◆ Problem details:
Exclude all pictures. Then restate, word for word, the entries from the first line through the line that contains "取固有頻率階數(shù)為第".
Content starts
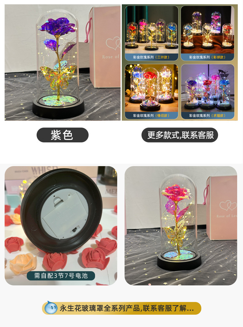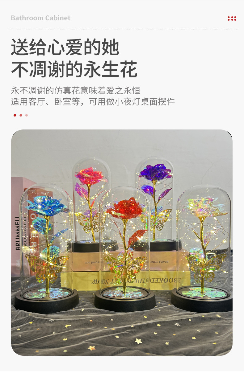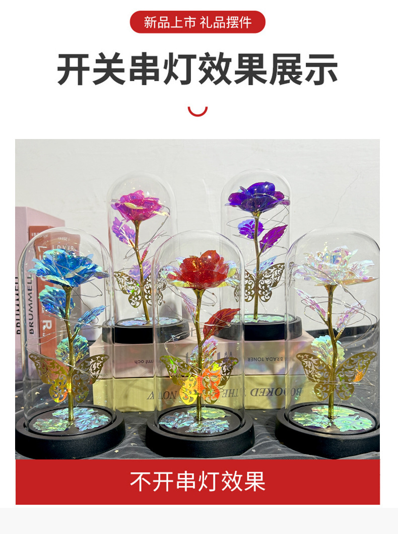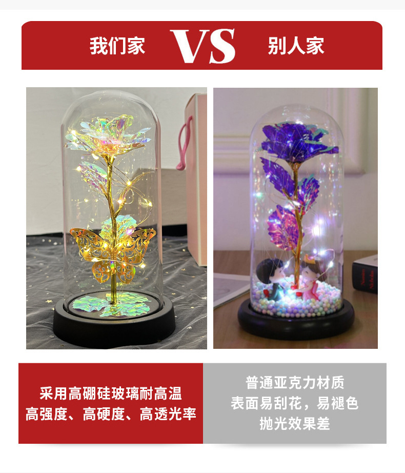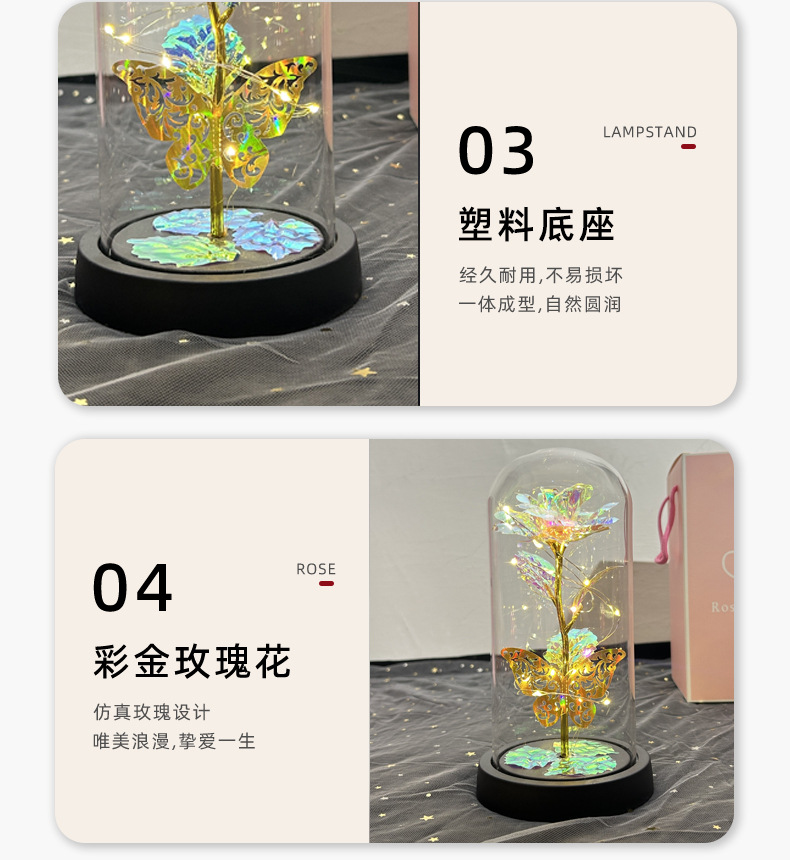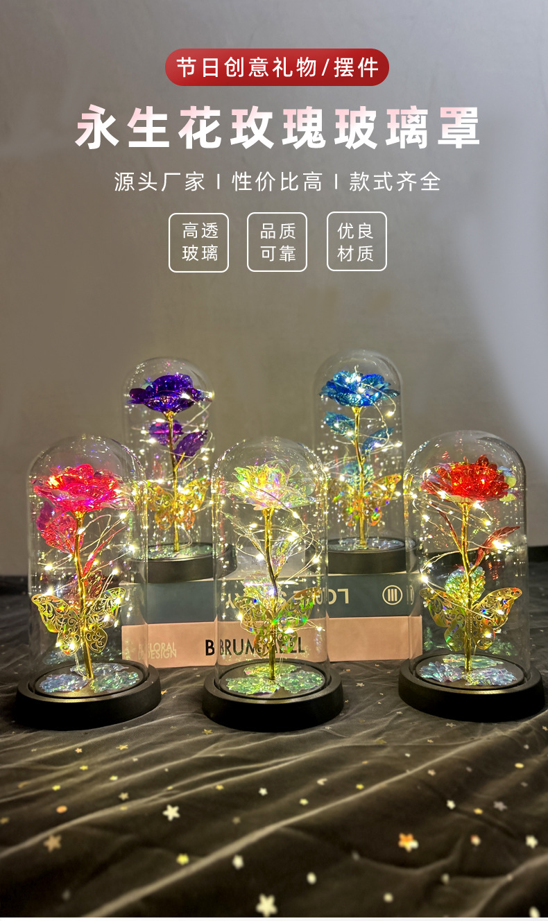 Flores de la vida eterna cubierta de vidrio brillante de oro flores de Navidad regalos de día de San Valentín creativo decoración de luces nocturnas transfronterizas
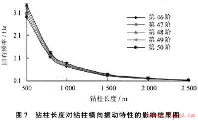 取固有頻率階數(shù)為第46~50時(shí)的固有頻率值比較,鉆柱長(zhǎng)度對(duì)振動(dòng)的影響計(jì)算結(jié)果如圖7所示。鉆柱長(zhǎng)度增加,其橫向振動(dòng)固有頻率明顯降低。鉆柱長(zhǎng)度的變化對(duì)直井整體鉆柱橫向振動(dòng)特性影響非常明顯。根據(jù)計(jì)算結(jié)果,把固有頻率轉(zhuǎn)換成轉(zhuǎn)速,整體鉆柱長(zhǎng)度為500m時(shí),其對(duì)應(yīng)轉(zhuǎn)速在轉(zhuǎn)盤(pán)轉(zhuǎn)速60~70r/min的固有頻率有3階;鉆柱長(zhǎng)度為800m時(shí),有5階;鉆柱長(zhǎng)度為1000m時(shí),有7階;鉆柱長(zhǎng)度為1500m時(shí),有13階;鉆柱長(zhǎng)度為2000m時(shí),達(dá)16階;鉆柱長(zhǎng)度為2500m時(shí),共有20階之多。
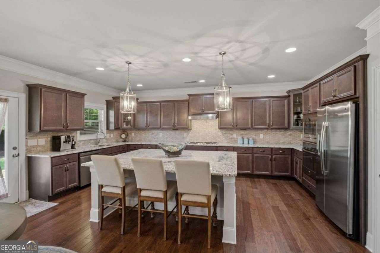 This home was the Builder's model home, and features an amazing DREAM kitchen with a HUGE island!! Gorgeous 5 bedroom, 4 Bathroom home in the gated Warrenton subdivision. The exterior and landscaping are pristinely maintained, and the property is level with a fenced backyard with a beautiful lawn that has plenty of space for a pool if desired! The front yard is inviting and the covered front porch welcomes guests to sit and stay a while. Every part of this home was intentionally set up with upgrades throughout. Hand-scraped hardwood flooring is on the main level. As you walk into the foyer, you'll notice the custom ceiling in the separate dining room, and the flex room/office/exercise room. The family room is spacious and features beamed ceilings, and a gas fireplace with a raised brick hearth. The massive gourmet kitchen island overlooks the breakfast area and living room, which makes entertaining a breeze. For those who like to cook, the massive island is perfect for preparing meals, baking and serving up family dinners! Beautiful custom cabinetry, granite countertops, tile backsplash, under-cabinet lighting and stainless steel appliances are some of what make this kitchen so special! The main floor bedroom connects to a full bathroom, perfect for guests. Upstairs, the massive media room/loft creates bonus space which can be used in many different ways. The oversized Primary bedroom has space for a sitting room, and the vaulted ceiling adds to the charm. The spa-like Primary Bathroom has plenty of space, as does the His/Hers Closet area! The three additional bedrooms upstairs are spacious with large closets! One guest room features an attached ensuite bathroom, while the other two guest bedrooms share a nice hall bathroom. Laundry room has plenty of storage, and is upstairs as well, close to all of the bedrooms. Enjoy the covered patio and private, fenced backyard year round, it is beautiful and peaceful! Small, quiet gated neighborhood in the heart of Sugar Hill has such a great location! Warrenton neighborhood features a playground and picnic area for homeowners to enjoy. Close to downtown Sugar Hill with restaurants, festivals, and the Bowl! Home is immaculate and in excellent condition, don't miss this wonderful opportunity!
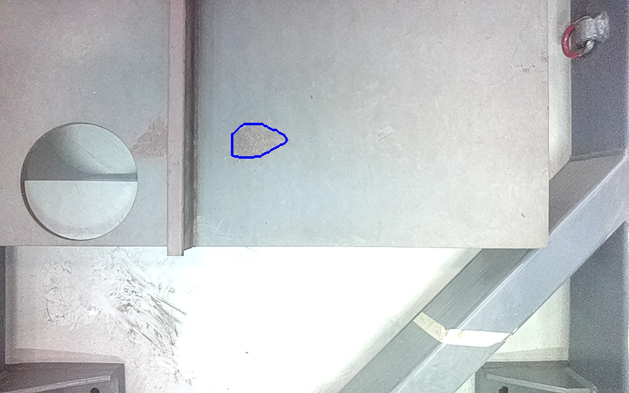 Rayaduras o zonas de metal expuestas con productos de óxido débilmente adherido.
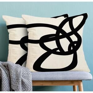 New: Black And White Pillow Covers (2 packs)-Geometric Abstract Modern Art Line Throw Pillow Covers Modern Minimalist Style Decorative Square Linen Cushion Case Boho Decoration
Content ends
◆ Problem solution:
 Flores de la vida eterna cubierta de vidrio brillante de oro flores de Navidad regalos de día de San Valentín creativo decoración de luces nocturnas transfronterizas
 取固有頻率階數(shù)為第46~50時(shí)的固有頻率值比較,鉆柱長(zhǎng)度對(duì)振動(dòng)的影響計(jì)算結(jié)果如圖7所示。鉆柱長(zhǎng)度增加,其橫向振動(dòng)固有頻率明顯降低。鉆柱長(zhǎng)度的變化對(duì)直井整體鉆柱橫向振動(dòng)特性影響非常明顯。根據(jù)計(jì)算結(jié)果,把固有頻率轉(zhuǎn)換成轉(zhuǎn)速,整體鉆柱長(zhǎng)度為500m時(shí),其對(duì)應(yīng)轉(zhuǎn)速在轉(zhuǎn)盤(pán)轉(zhuǎn)速60~70r/min的固有頻率有3階;鉆柱長(zhǎng)度為800m時(shí),有5階;鉆柱長(zhǎng)度為1000m時(shí),有7階;鉆柱長(zhǎng)度為1500m時(shí),有13階;鉆柱長(zhǎng)度為2000m時(shí),達(dá)16階;鉆柱長(zhǎng)度為2500m時(shí),共有20階之多。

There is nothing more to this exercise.